Так они пережили самые тусклые зимние месяцы, а как только пришла весна, Амадеус и Ирина стали ходить на долгие прогулки, беря с собой и Аннушку. Такса крутилась у них под ногами, смешно подпрыгивая и заливаясь лаем, и Ирина улыбалась. Казалось, Ирина окрепла, и вместе с ярким весенним солнечным светом стала рассеиваться тьма и над ее жизнью, и она больше не желала страстно возврата старых петербургских дней. Она обожала горы, их дикую неистовую красоту, укрощенную летом, любила роскошное изобилие альпийских цветов, красовавшихся изысканными пучками цвета даже на самых суровых скалистых уступах; любила лежать на спине в высокой траве жаркими днями, отталкивая коврик, который Амадеус пытался подложить под нее – ей хотелось чувствовать, как стрелки травы гладят ей руки и щекочут ступни.
Как раз во время одной из таких прогулок она набрела на место, не так далеко от их дома, которое глубоко запало ей в сердце. И постепенно, незаметно, оно вдруг стало наполняться для нее особым смыслом – пока не превратилось в зримое совершенное воплощение победоносной красоты, которой осенил ее жизнь Амадеус. Это был водопад – просто маленький водопад, каких было множество в горах, и забреди сюда какой-нибудь беззаботный веселый турист, он, может статься, не обратил бы на него никакого внимания. Но Ирине он казался особенным, неповторимым. Он завораживал ее, и она словно во власти удивительных прекрасных чар подолгу смотрела на него, на это естественное непрекращающееся буйство движения, полное игры цвета, света и жизни. Массивная скала, напоминающая очертаниями гнома, нависала над водопадом, но тот не сдавался и не тушевался.
– Посмотри сквозь него, mon amour, – говорила она Амадеусу. – Смотри, как цветы отдают свои краски воде и искрятся в каскаде! Словно радуга ожила.
– Я вижу, – отвечал он, обнимая ее, и Ирина прижималась к нему, все еще глядя на бурлящую низвергающуюся воду.
– Везде так жарко сегодня, так душно, так… обычно, – сказала она, улыбаясь слабой улыбкой. – Везде – но только не здесь. Смотри… вокруг него такая свежесть и прохлада. Он такой прелестный… и такой сильный – я завидую ему… его вечности, его бессмертию.
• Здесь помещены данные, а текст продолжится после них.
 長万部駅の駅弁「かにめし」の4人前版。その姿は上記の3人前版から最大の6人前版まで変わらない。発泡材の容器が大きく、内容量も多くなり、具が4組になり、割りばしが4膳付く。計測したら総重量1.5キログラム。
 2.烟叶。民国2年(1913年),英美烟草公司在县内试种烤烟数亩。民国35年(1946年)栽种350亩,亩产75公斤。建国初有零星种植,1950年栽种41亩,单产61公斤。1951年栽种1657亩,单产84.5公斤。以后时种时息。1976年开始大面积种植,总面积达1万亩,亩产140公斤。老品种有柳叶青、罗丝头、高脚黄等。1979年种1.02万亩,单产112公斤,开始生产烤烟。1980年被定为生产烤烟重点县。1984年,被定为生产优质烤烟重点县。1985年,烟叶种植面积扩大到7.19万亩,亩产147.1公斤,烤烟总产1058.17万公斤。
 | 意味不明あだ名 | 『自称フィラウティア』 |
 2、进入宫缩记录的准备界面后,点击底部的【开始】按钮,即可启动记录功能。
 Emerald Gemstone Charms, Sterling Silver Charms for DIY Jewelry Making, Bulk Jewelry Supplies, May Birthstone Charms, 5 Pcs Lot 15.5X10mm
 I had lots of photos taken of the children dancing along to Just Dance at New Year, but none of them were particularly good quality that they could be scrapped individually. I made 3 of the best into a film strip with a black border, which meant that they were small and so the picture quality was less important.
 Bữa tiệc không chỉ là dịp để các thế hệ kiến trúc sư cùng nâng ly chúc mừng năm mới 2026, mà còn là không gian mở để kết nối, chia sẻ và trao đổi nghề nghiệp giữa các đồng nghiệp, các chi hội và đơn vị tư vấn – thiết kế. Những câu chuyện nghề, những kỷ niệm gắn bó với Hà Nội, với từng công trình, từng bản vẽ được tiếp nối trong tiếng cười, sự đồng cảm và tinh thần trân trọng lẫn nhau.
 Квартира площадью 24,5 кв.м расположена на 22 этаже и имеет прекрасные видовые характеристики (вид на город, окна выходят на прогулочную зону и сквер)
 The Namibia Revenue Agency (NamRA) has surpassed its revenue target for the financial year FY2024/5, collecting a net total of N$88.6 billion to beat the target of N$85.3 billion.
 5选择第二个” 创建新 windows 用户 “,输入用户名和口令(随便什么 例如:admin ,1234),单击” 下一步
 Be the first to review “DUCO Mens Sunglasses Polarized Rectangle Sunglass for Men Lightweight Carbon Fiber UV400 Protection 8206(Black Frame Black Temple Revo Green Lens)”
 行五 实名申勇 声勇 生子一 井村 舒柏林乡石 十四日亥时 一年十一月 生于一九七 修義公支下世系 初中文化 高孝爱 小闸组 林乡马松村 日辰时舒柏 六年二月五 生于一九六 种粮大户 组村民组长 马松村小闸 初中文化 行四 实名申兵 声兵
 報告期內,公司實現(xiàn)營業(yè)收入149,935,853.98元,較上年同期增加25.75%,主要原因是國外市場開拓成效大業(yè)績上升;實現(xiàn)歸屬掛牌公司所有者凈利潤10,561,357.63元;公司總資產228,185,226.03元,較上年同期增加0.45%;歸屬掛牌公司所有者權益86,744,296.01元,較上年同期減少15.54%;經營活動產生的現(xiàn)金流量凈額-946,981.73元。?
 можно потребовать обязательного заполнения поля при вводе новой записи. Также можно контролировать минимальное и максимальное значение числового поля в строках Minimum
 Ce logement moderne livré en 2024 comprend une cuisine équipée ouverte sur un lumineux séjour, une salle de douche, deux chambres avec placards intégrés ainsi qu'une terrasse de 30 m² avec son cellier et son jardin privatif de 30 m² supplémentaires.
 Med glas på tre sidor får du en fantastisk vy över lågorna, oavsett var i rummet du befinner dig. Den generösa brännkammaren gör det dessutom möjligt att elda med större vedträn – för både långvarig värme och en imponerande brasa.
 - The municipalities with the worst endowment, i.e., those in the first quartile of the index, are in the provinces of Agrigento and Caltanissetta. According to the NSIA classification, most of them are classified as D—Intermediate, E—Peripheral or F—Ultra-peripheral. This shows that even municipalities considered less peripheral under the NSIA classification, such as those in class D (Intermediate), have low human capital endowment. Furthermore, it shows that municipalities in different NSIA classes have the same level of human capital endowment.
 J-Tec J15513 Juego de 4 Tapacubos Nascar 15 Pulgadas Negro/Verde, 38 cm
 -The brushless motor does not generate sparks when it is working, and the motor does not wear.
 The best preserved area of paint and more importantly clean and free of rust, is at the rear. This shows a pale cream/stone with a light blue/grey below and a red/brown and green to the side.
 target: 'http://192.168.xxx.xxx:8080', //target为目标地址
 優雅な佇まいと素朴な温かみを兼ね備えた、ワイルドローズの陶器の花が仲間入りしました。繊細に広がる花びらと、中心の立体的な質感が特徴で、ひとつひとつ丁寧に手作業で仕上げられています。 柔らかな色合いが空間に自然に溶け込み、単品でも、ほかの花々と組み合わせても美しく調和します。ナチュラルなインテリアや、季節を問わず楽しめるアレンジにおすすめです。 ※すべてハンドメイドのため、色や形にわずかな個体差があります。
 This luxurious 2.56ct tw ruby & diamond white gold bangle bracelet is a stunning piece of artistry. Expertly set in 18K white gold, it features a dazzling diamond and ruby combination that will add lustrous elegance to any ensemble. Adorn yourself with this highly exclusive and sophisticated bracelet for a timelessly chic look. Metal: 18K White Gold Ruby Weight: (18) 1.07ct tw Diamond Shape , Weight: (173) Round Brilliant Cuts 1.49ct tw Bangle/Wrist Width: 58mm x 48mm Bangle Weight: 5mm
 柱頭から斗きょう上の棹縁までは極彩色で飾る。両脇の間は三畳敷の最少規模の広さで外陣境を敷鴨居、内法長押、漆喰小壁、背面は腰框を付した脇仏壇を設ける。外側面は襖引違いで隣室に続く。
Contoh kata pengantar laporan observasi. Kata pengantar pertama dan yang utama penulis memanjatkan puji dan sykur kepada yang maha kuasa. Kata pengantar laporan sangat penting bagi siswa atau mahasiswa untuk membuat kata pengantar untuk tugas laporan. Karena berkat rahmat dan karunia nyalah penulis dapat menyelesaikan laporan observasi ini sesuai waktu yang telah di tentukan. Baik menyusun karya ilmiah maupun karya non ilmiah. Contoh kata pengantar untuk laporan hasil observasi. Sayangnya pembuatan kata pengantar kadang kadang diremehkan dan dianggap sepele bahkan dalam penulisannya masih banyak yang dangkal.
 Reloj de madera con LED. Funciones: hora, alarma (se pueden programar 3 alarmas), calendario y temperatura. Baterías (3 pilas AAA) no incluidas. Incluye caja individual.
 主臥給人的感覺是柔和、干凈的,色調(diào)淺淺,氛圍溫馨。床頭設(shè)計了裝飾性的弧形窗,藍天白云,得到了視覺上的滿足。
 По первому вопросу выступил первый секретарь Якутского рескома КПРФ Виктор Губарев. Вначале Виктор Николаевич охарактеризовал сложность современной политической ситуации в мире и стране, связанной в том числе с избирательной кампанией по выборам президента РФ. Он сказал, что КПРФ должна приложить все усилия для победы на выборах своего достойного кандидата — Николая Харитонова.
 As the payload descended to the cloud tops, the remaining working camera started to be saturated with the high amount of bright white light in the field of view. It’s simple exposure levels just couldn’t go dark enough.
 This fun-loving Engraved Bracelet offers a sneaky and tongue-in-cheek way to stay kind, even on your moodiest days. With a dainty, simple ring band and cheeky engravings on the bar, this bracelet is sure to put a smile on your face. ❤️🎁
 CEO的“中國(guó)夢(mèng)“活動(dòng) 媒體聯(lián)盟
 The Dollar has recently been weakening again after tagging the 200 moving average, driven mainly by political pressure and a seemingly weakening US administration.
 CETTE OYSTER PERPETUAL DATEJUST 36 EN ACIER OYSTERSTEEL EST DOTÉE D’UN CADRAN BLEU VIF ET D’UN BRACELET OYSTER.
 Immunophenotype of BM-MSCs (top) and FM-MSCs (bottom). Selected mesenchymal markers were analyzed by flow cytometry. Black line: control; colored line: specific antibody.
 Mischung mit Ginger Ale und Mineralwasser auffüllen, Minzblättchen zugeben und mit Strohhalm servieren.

И даже когда снова настала зима, водопад все еще завораживал ее и притягивал, как магнит. Даже теперь, когда большинство упругих струй повисли, не долетев до земли, искрящимися промерзшими иглами, Ирина грезила, что по-прежнему видит вечную непобежденную жизнь, чувствует ее биение внутри ледяных тенет. А когда неожиданно, в первые недели 1924-го, она заболела опять и стала слишком слаба, чтоб пытаться выйти наружу, водопад стал для нее еще и символом надежды – это была сила, которая так нужна была ей самой, чтобы жить.